▸ Task description: For the material below, the expected output is exactly the lines between the line holding "12 Contoh Soal" and the line holding "קבצי ציפורניים מקצועיים", inclusive, with pictures left out.

▸ Extracted information:
* * * * *
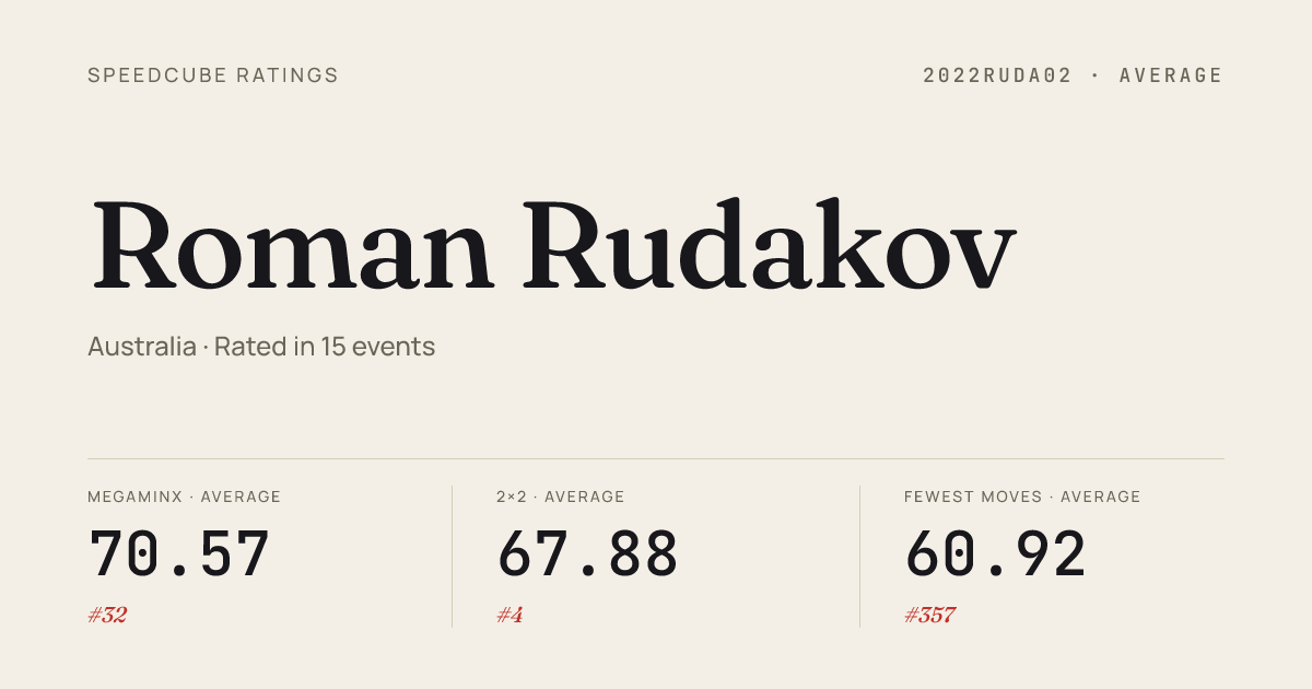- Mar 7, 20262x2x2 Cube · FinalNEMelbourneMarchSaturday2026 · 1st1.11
* * * * *
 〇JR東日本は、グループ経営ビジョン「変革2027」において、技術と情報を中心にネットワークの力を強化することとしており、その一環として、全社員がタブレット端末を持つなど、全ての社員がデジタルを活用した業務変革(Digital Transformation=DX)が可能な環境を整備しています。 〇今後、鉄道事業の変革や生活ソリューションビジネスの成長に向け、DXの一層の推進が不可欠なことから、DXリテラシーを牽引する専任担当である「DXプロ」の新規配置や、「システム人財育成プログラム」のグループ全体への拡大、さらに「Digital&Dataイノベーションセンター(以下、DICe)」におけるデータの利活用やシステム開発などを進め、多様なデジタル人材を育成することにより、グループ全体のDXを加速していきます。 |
* * * * *
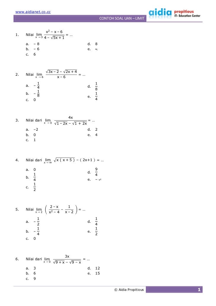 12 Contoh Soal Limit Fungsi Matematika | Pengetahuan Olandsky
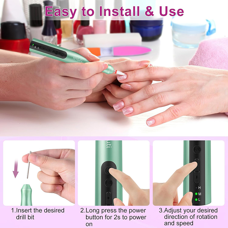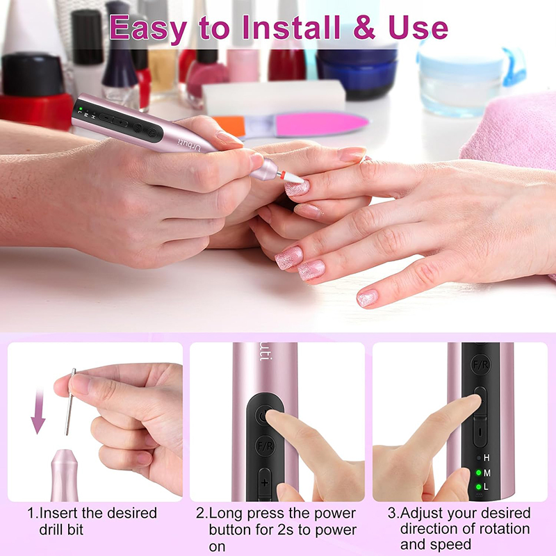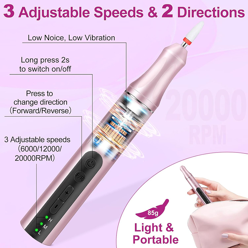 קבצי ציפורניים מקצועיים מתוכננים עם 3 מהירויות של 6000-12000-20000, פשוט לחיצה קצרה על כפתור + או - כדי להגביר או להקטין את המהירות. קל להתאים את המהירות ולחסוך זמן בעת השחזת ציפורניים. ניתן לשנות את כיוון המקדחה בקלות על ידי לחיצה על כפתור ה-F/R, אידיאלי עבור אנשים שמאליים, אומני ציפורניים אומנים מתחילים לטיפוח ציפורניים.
* * * * *
▸ Written answer:
 12 Contoh Soal Limit Fungsi Matematika | Pengetahuan Olandsky
 קבצי ציפורניים מקצועיים מתוכננים עם 3 מהירויות של 6000-12000-20000, פשוט לחיצה קצרה על כפתור + או - כדי להגביר או להקטין את המהירות. קל להתאים את המהירות ולחסוך זמן בעת השחזת ציפורניים. ניתן לשנות את כיוון המקדחה בקלות על ידי לחיצה על כפתור ה-F/R, אידיאלי עבור אנשים שמאליים, אומני ציפורניים אומנים מתחילים לטיפוח ציפורניים.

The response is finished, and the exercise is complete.